More policy support is needed to encourage the use of waste biomass in building materials.

Increased investment is needed to develop regenerative methods of managing global forests and agricultural lands.  The potential to redirect biomass residues into cost-competitive construction products, such as cementitious binders,  bricks, panels, and structural components, could incentivize more careful and productive management. Compounding benefits include the capacity to store carbon within building materials and products,  thereby reducing climate change emissions from decaying matter, forest fires and the burning of crop waste.
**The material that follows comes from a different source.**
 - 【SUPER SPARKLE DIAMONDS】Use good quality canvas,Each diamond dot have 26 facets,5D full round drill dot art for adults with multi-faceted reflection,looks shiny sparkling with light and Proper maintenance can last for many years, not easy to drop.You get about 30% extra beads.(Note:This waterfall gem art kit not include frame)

Further, major carbon sequestration benefits could come from new cooperative approaches between builders  and  forest  managers  to  increase  the  biodiversity  of forests through the selection of functional attributes for  building  materials  according  to  species  (Osborne  et  al.,  2023)
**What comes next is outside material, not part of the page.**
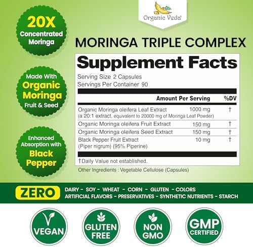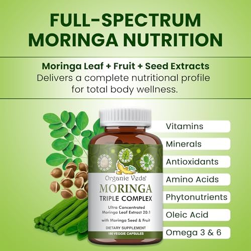 Organic Veda Moringa Capsules Triple Complex – 20 X Concentrated Organic Moringa Leaf Extract with Seed & Fruit Powder Vitamin, Antioxidant – Joints & Energy Support – 180 Vegan Capsule

A promising avenue to alleviate pressure on timber resources is the development and use of reconstituted wood products from non-timber lignocellulosic residues from forestry, agricultural and food “waste.” Today, most of the biomass from agricultural by-products is either abandoned on land (generating greenhouse gas emissions through natural decomposition) or burned (releasing carbon directly to the atmosphere). Within forests, excess biomass residues can feed and exacerbate wildfires (Sahoo et al. 2021). Meanwhile, in urban areas, waste biomass is typically either landfilled or combusted for energy recovery, both of which are more carbon-intensive pathways than converting this waste into valuable building materials (Tripathi et al. 2019; Lan, Zhang and Yao 2022). Scaling biomass residues from agriculture requires a biodiverse and material-efficient approach to avoid worsening the negative environmental and labour impacts of monoculture agriculture.